Requirement.
With the pictures removed, write out the full listing below exactly.

Input data.
*** Block opens ***

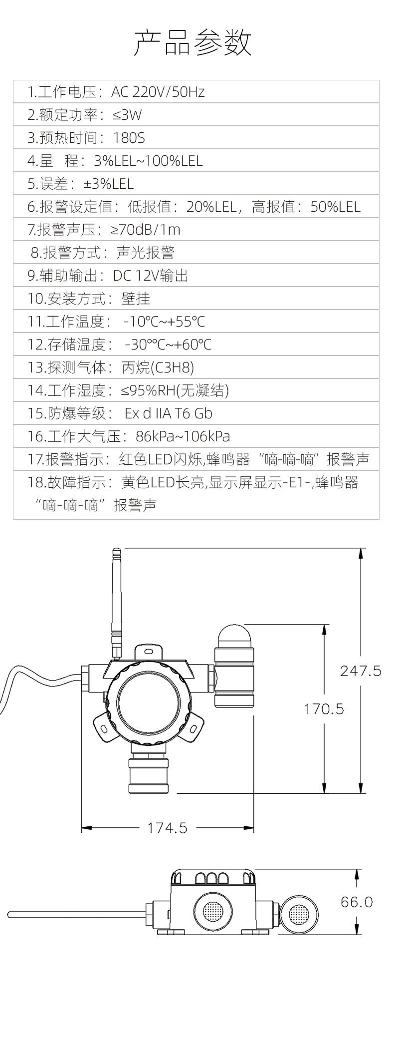 故障自动检测指示;可探测丙烷
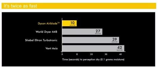 Energy and cost of ownership: Conventional hand dryers consume a lot of energy and take an eternity to dry hands - if you bother to wait. Dyson Airblade dries hands completely in just ten seconds.
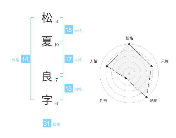 松夏 良字さんの総格は31画の5点!
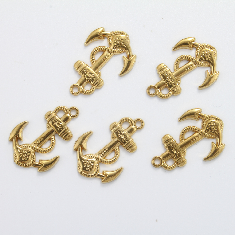 Rueda de barco de acero inoxidable & colgante de anclaje, acero inoxidable 304, chapado en color dorado, Bricolaje, dorado, 29x20x2mm, Vendido por UD

*** Block closes ***

Output of the exercise.
 故障自动检测指示;可探测丙烷
 Energy and cost of ownership: Conventional hand dryers consume a lot of energy and take an eternity to dry hands - if you bother to wait. Dyson Airblade dries hands completely in just ten seconds.
 松夏 良字さんの総格は31画の5点!
 Rueda de barco de acero inoxidable & colgante de anclaje, acero inoxidable 304, chapado en color dorado, Bricolaje, dorado, 29x20x2mm, Vendido por UD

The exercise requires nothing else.